Myśliwce pierwszy raz przechwyciły potężny chiński dron WZ-7 Soaring Dragon /Twitter

Japońskie Ministerstwo Obrony ujawniło, że pojedynczy chiński dron o nazwie WZ-7 Soaring Dragon był aktywny na Morzu Wschodniochińskim. Maszyna przeleciała przez Cieśninę Miyako, która oddziela główną wyspę Okinawę od Wysp Miyako. Myśliwce przejęły maszynę, by nie wleciała ona głębiej w terytorium Kraju Kwitnącej Wiśni.

Niepotwierdzone doniesienia sugerują, że dron był eskortowany przez amerykańskie myśliwce F-15J Eagle, co miałoby sens, ponieważ te samoloty stacjonują w bazie lotniczej Naha na głównej wyspie Okinawie. To pierwsze takie wydarzenie. Analitycy uważają, że Chiny rozpoczęły zakrojone na szeroką skalę misje szpiegowskie tego kraju.

Reklama

Chiński dron WZ-7 Soaring Dragon nad Japonią

Niedawno japońskie władze zapowiedziały wsparcie dla Tajwanu w przypadku, gdyby Chiny postanowiły dokonać ataku na ten kraj. Nie bez znaczenia jest też fakt, że w Japonii stacjonują okręty należące do Stanów Zjednoczonych. Władzom Chin zależy na ich szpiegowaniu. Każda informacja może okazać się cenna w planach przejęcia Tajwanu. Według CIA, może do tego dojść w ciągu najbliższych 4 lat.

Chińska armia od kilku miesięcy bezustannie zaczepia i prowokuje władze Tajwanu, a teraz również Japonii. Mieszkańcy Tajwanu coraz częściej informują o pojawianiu się na niebie dziwnych pojazdów latających. Mowa tutaj m.in. o najnowszym i jednocześnie najbardziej zaawansowanym w historii dronie chińskiej armii.

Jest to Guizhou WZ-7 Soaring Dragon (Szybujący Smok), który wygląda bardzo nietypowo.

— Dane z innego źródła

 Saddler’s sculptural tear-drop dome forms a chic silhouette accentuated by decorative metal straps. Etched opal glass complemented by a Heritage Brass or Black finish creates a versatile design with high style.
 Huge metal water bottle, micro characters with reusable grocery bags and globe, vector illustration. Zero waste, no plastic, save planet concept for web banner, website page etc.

Z dostępnych informacji wynika, że maszyna należy do klasy HALE. Oznacza to, że może odbywać loty na dużej wysokości, do 18 kilometrów, i zdolna jest do przebywania w powietrzu przez ponad 10 godzin.

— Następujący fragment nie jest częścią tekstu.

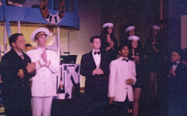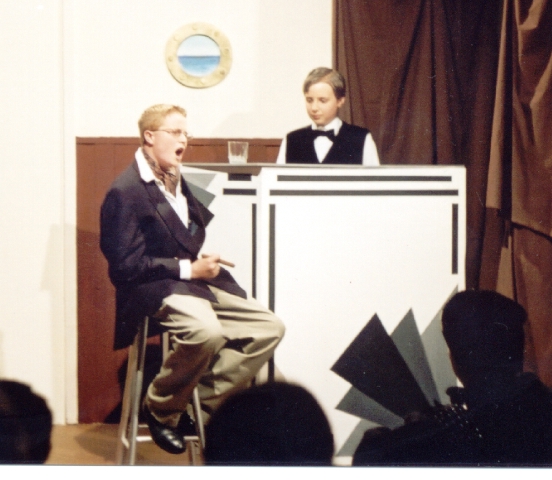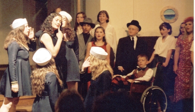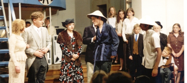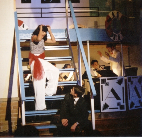 Performed in the Summer of 2002 this is an extremely enjoyable yet demanding performance. In particular the set involved substantial construction as several scenes are set on the upper deck. As we only have a relatively tight performance space it seemed a good idea to situate the band underneath the upper deck. As they are in full view of the audience at all times we made them seem the ship's night club band and dressed them appropriate 30's evening wear.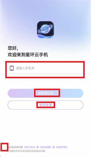 2、进入登录界面后,输入手机号,勾选我已阅读并同意意《用户协议》和《隐私政策》及《免责声明》,未注册的手机号验证成功(gong)后将自动注册,点击获取验证码登录即可(jike),还可以点击密码登录,使用手机号,密码进行登录使用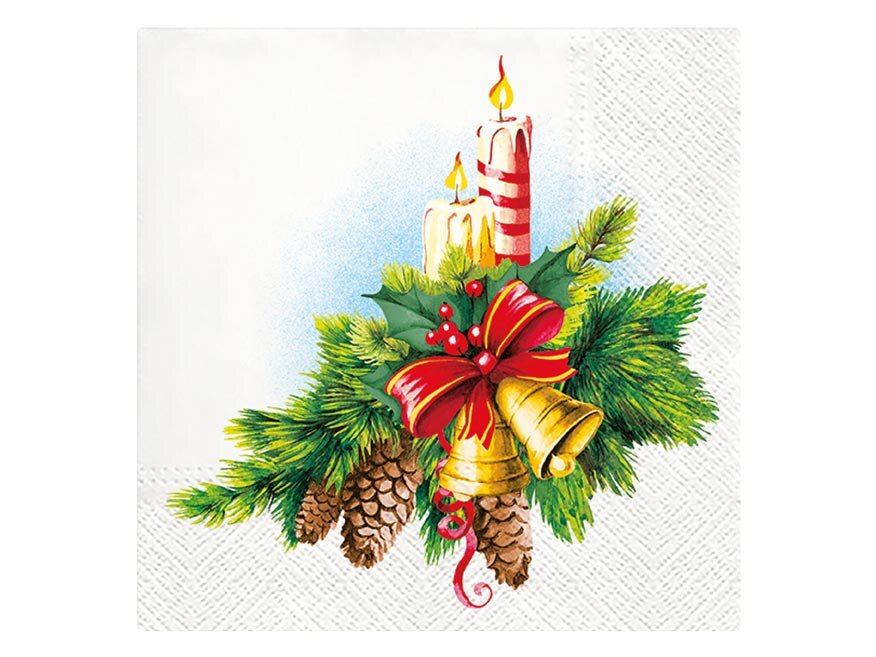 Papírový vánoční ubrousek s motivem vánočního svícnu z větviček jehličí a šišek, ozdobený zlatými zvonky s červenou mašlí a dvěma svíčkami. Je vyroben z velmi kvalitního třívrstvého papíru. Tento ubrousek se hodí pro vánoční slavnosti, kde jeho tradiční symboly a barevná kombinace přispějí k vytvoření příjemné a hřejivé atmosféry na slavnostně prostřeném stole.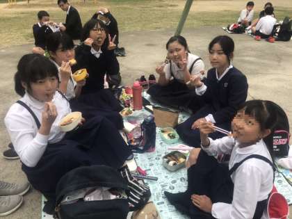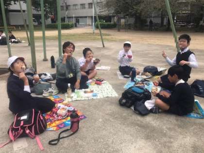 公共交通機関を利用した校外学習への規制が緩和されてから、外でお弁当を食べることができたのは、5年生が初めてです。予想されていた雨も、降り出しが遅れていたので、新聞社前の公園でお弁当を食べることができました。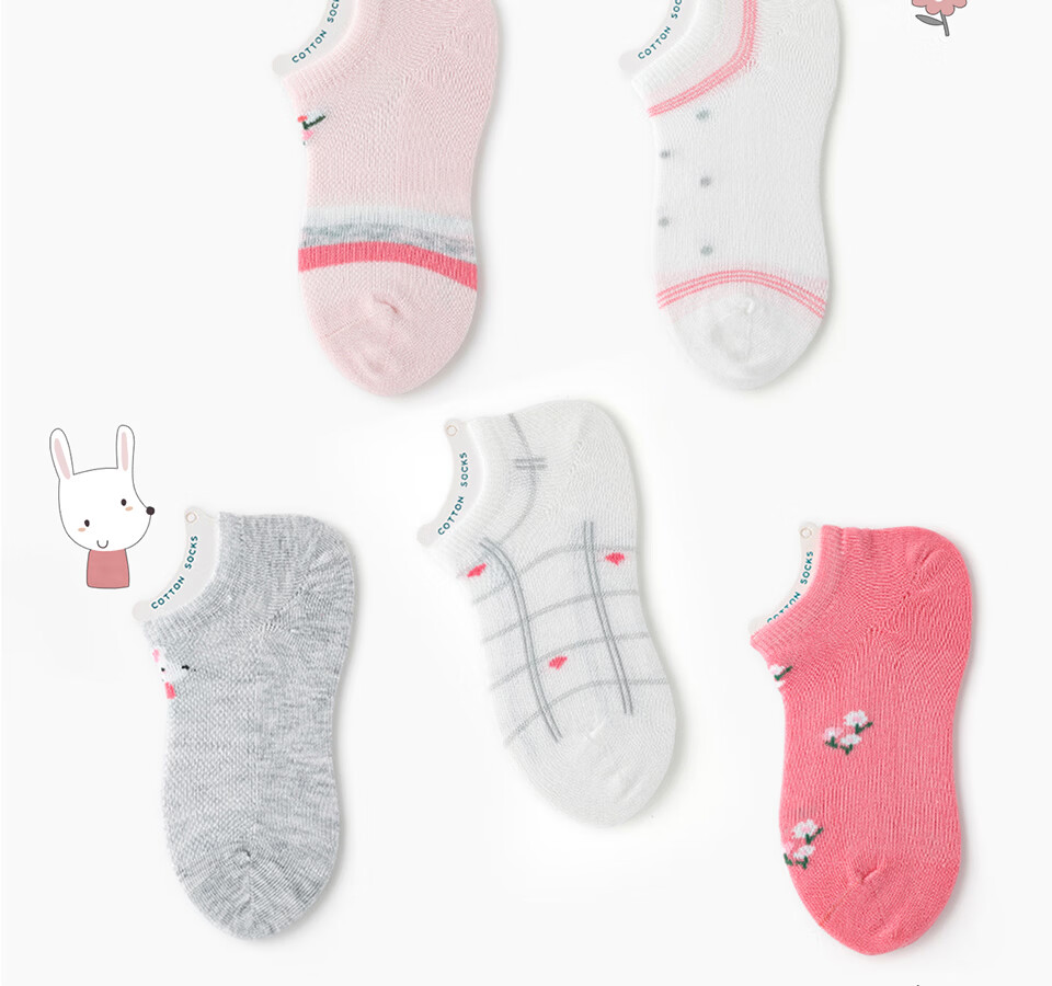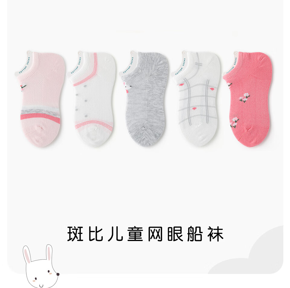 斑比船袜儿童袜子女孩夏天季薄款网眼棉袜中大童隐形短袜子 BB2228 儿童夏季网眼船袜 5双 1-3岁 建议脚码16-20码【14-16】

Chiny szpiegują Japonię i Tajwan w związku z USA

Bezzałogowiec mierzy 5,41 m wysokości, 14,33 m długości i posiada rozpiętość skrzydeł na poziomie 24,86 m. Jeśli chodzi o masę i ładowność, to wynoszą one odpowiednio 7500 kg i 650 kg. Tymczasem maksymalny zasięg drona to 7000 kilometrów, a prędkość przelotowa 750 km/h. Takie parametry zapewnia mu silnik turboodrzutowy Guizhou WP-13.

Eksperci podają, że WZ-7 Soaring Dragon powstał w inspiracji amerykańskim dronem Northrop Grumman RQ-4 Global Hawk. Jego rolą jest patrolowanie wybranego obszaru, zbieranie cennych informacji i przekazywanie ich do centrum dowodzenia. Maszyna jest też dobrze uzbrojona.

Chiny chcą zaatakować Tajwan do 2027 roku

Na jej pokładzie może znaleźć się kilka pocisków przeciwokrętowych i manewrujących, a nawet rakiet balistycznych, takich jak chiński DF-21D. Siły Powietrzne Chińskiej Armii Ludowo-Wyzwoleńczej w ciągu najbliższych kilku lat będzie miała do swojej dyspozycji dziesiątki takich dronów.

Za projekt i budowę WZ-7 Soaring Dragon odpowiada Chengdu Aircraft Industry Group. Maszyna pierwszy raz została zaprezentowana na Zhuhai Airshow w 2021 roku, jednak do użytku weszła zaledwie kilka miesięcy temu. Siły Powietrzne Chińskiej Armii Ludowo-Wyzwoleńczej dysponują też kilkoma innymi dronami. Wśród nich znajduje się: Guizhou BZK-007.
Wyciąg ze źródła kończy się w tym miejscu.